From blog browsing I’ve discovered that Kinkade’s paintings are controversial.  Many object because they are either:  1) too realistic; 2) not realistic enough; 3) too idealistic; 4) not credible because one cannot tell where the light is coming from; 5) too commercialized; 6) ugly because they are popular; 7) not ugly enough (this critic believes that “real” art should be ugly because he believes that life itself is ugly); and 8) on and on ad nauseum.
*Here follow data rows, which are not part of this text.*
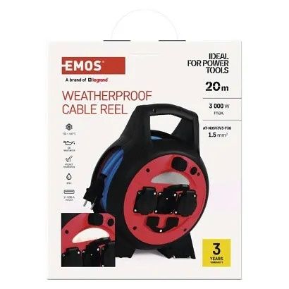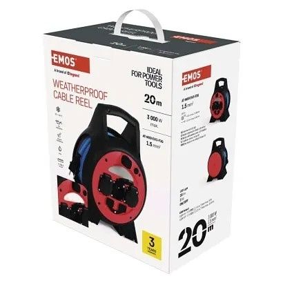EMOS Počasí odolný prodluž. kabel na bubnu 20 m / 3 zásuvky / modrý / silikon / 230 V / 1,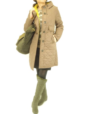 デイリーに大活躍するキルティングコート。流行のペンシルスカートを合わせてみたら大人らしいカジュアルになりました!アクティブ度80%、フェミニン度20%。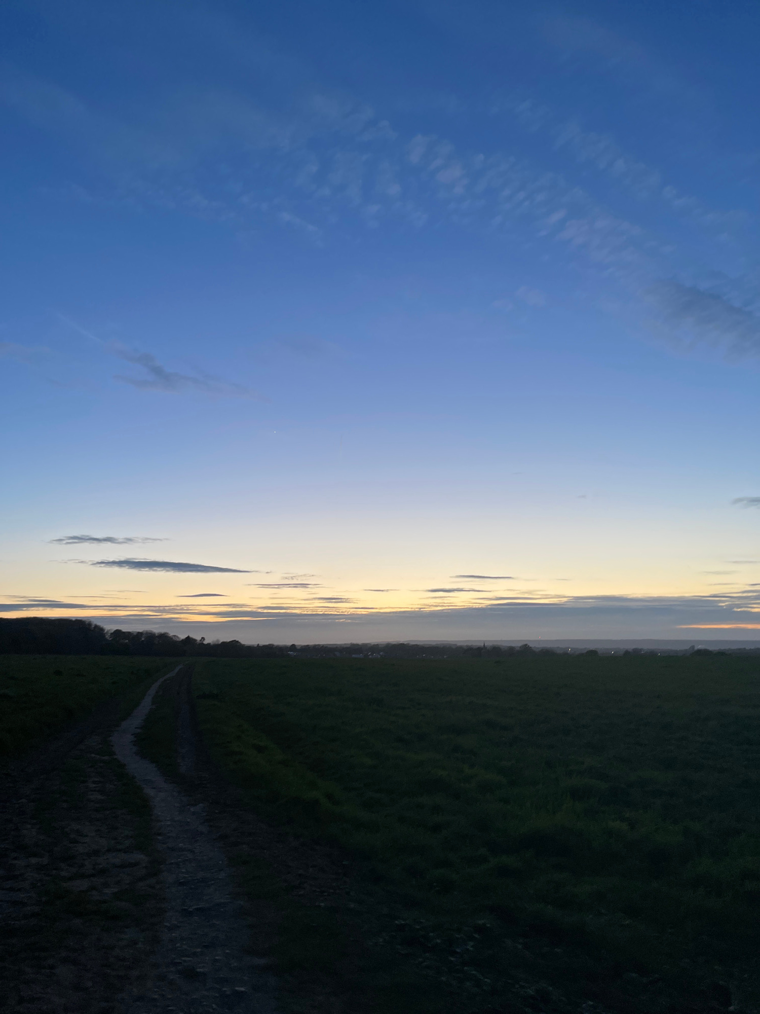 The image shows a landscape divided between a blue sky and a dark field. The sky is predominantly blue, with wispy clouds. A paler, yellow band separates the sky from the field, suggesting a horizon a…read more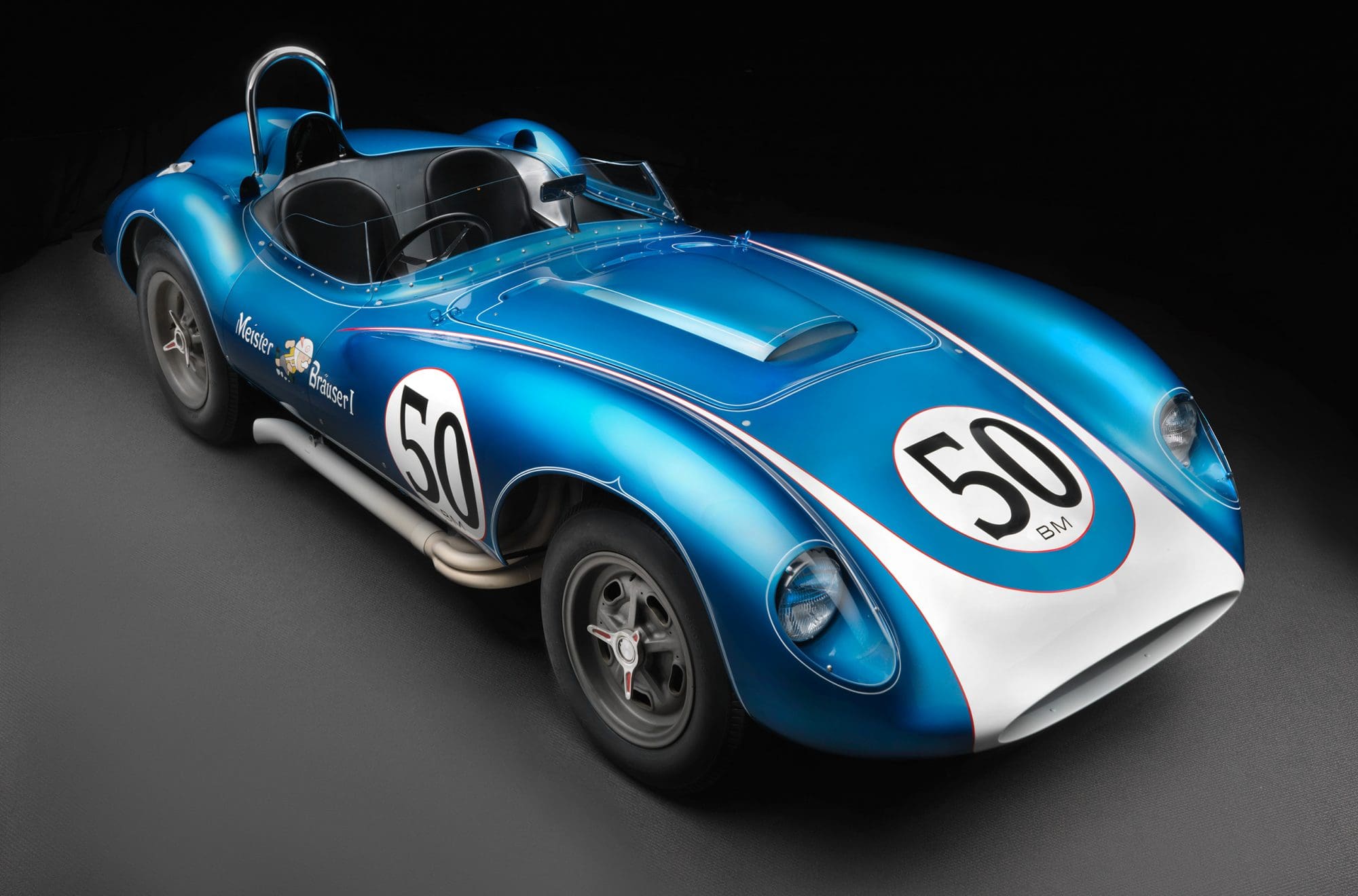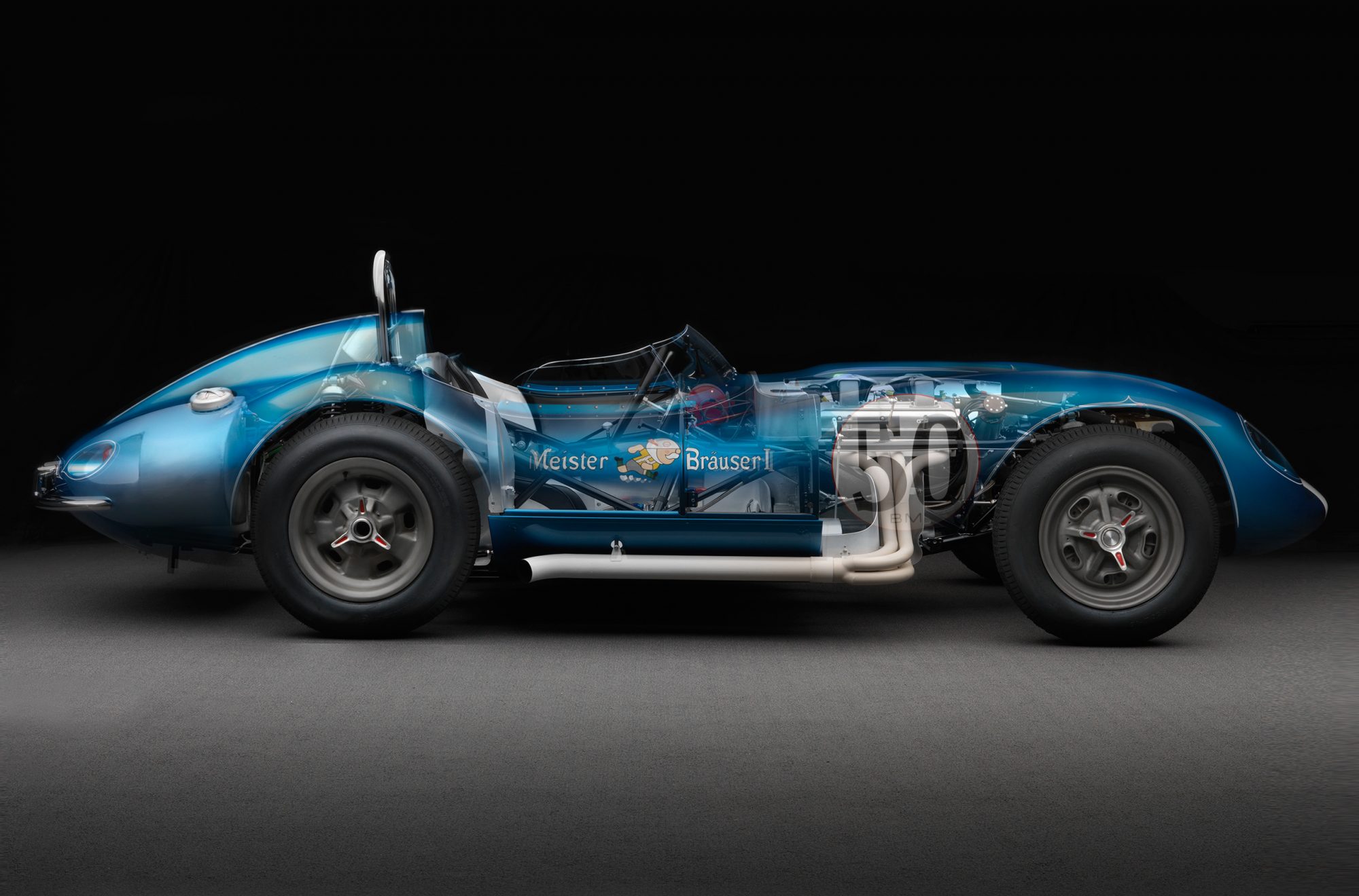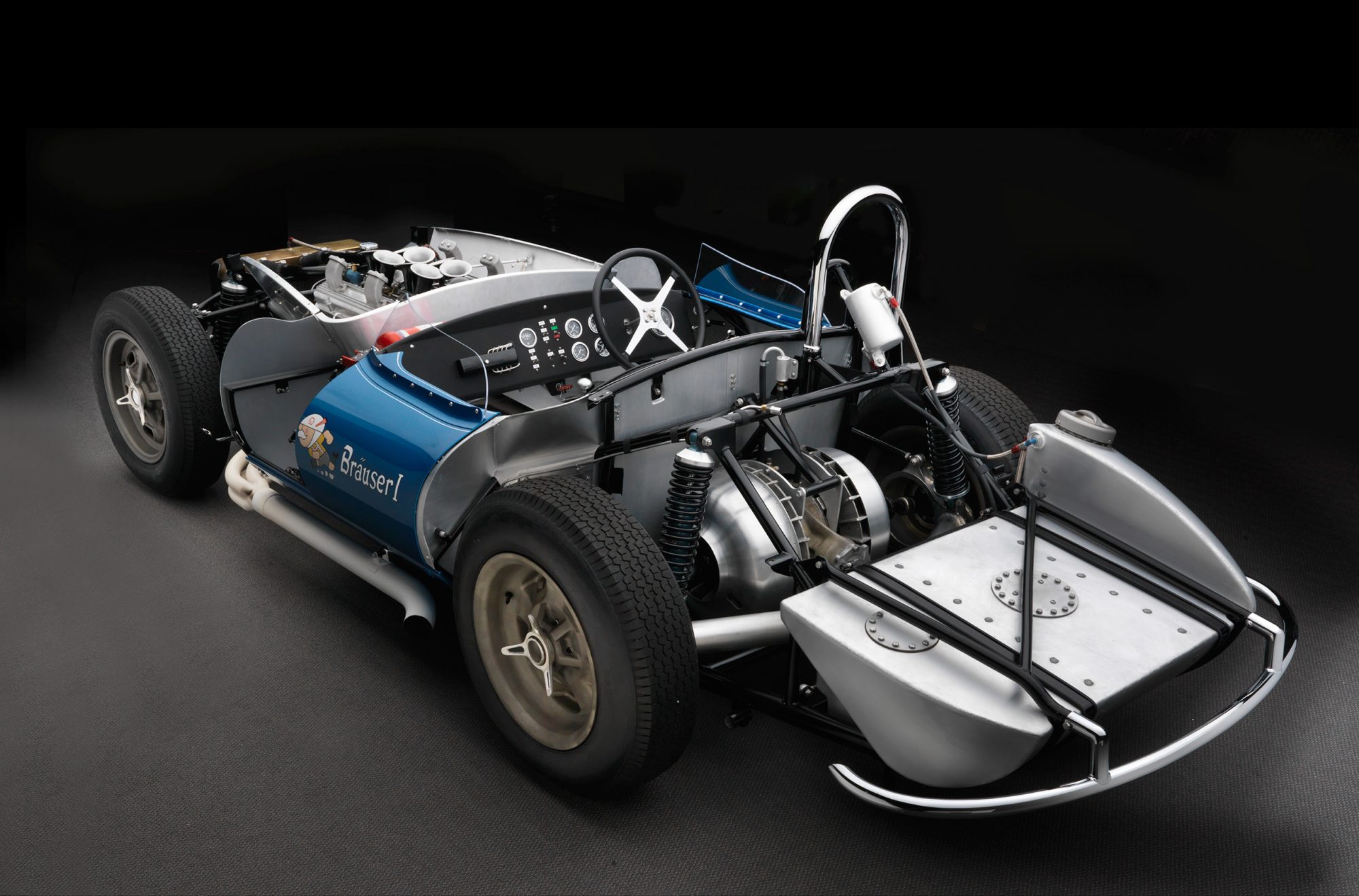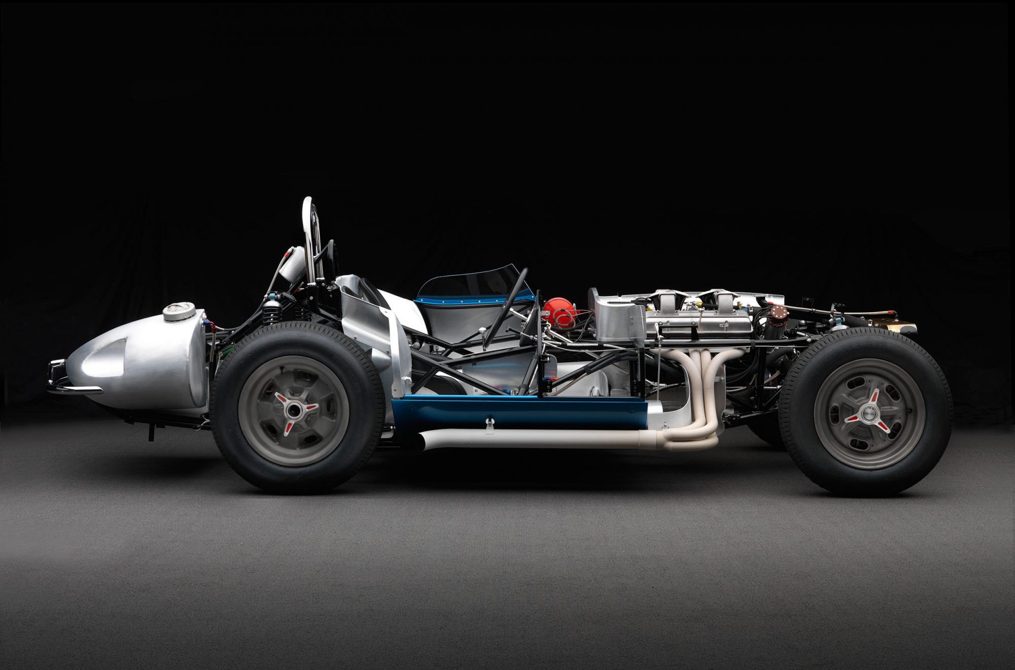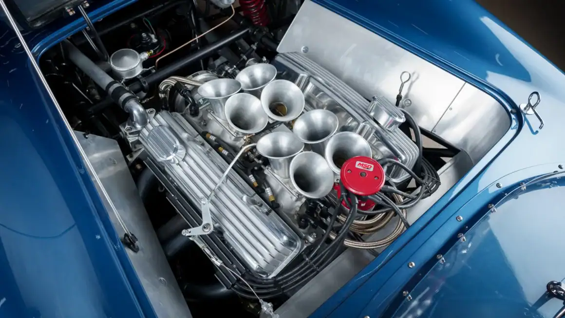 Celle-ci a été fabriquée à la main puis peinte/finie en bleu métallique et montée sur un châssis en tubes d’acier au chrome-molybdène. La puissance provient d’un V8 Chevrolet 350ci doté d’une injection électronique Hilborn, tandis que les changement de vitesse s’effectuent via une transmission manuelle à cinq vitesses Tremec et un pont/différentiel à changement rapide Winters. La voiture roule sur des jantes de 16 pouces Halibrand, la suspension avant est indépendante et l’arrière est façon de Dion. Le freinage se fait à partir de disques Wilwood réglables en diagonale.

I’m working hard on trying not to get unnecessarily angry,  but these comments have taxed my resolve to the max.  Although Kinkade’s art is not what I would choose to adorn my home, I believe that a valid function of the fine arts is to rise above the mundane while attempting to express a beauty intended for man before he (or she!) bit into that apple.  My belief stands unaltered by the stupid criticisms listed above.  Each artist has his or her personal concept of beauty, but striving for beauty is certainly a worthy raison d’être!

I question whether or not those critiquing Kinkade’s work are actually artists.  My exposure to the art world has revealed to me a tremendous spirit of love and acceptance among those involved because:  1) making art is never easy, although it may look easy to the uninitiated viewer; and 2) every artist should be considered free to make art as they see life. 

This spirit of love and acceptance has also caused me to realize that a penchant for beauty need not be the driving force behind all who make art.  Showing life as it really is in this fallen world is also valid, along with showing even the ugliness of some people’s “reality”—whether or not I like that kind of art.

Some critics maintain that Kinkade was not a “real artist” because he was intensely popular during his career.  He has been called a “hack”—a term normally applied to writers who produce for profit.

Hello, critics.  Have you ever heard of William Shakespeare?  I rest my case, although I might add, perhaps you “. . . doth protest too much, methinks.”  Shakespeare’s HAMLET, Act III, scene II.